Marcel Winatschek

The Feeling You Get in the Fast Fashion Store

Marie Nasemann built a career on being looked at. German model, actress, winner of Germany’s Next Top Model in 2009—the whole trajectory of someone the industry decided was worth pointing cameras at. And then she arrived at a point where she couldn’t walk through a fast fashion store without feeling like something was wrong.

That dissonance is where Fairknallt started. The blog covers fair trade, organic beauty, sustainable style—the full constellation of things that can sound virtuous enough to be irritating, until you actually look at the supply chains they’re responding to. Marie came to it from direct experience: at some point, she said, shopping stopped feeling okay. Walking past racks of cheap mass-produced clothes gave her a persistent unease she eventually couldn’t ignore.

She launched the site with a party in Hamburg’s St. Pauli neighborhood—a few hundred people gathered at a club in the middle of the night-life district, DOPPER sustainable bottles on every surface, the whole occasion treated with the seriousness it deserved.

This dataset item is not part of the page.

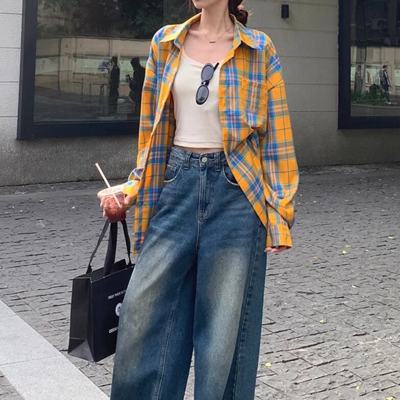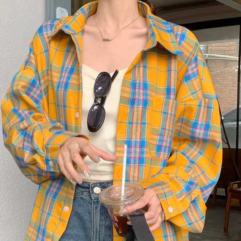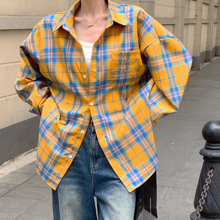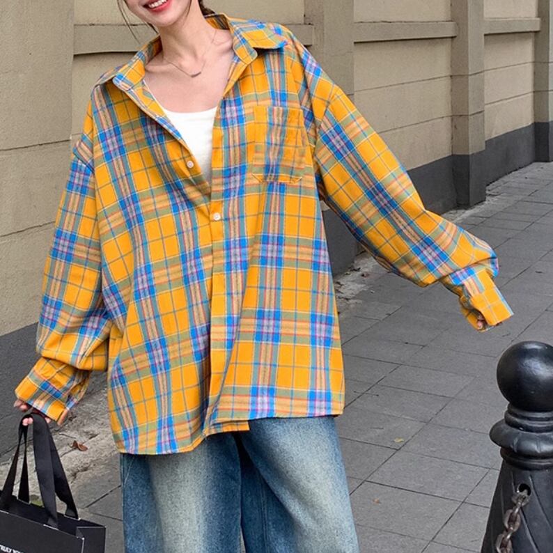 レディース トップス シャツ 上着 羽織 前開き ショート 長袖 萌袖 襟付き ワイド オーバーサイズ ポケット ボタン かわいい 大人可愛い シンプル カジュアル 上品 おしゃれ かっこいい レトロ こなれ感 ラフ ボーイッシュ ルーズ 個性的 クール 主役級 存在感 抜け感 キュート 学生風 ベーシック アクティブ ナチュラル チェック 春 お出かけ アウトドア 公園 休日 ショッピング 重ね着 コーデ 体型カバー 普段使い 着回し トレンド インスタ映え M L XL ゆったり ゆる イエロー

Because Marie is apparently the kind of person who marks things properly.

What genuinely interests me about the project isn’t the eco-fashion angle specifically but the inversion it represents: someone whose entire livelihood was built around selling an image deciding to interrogate the industry that image depends on. That takes more than good taste. It takes a willingness to make yourself uncomfortable about the choices that have been paying your rent.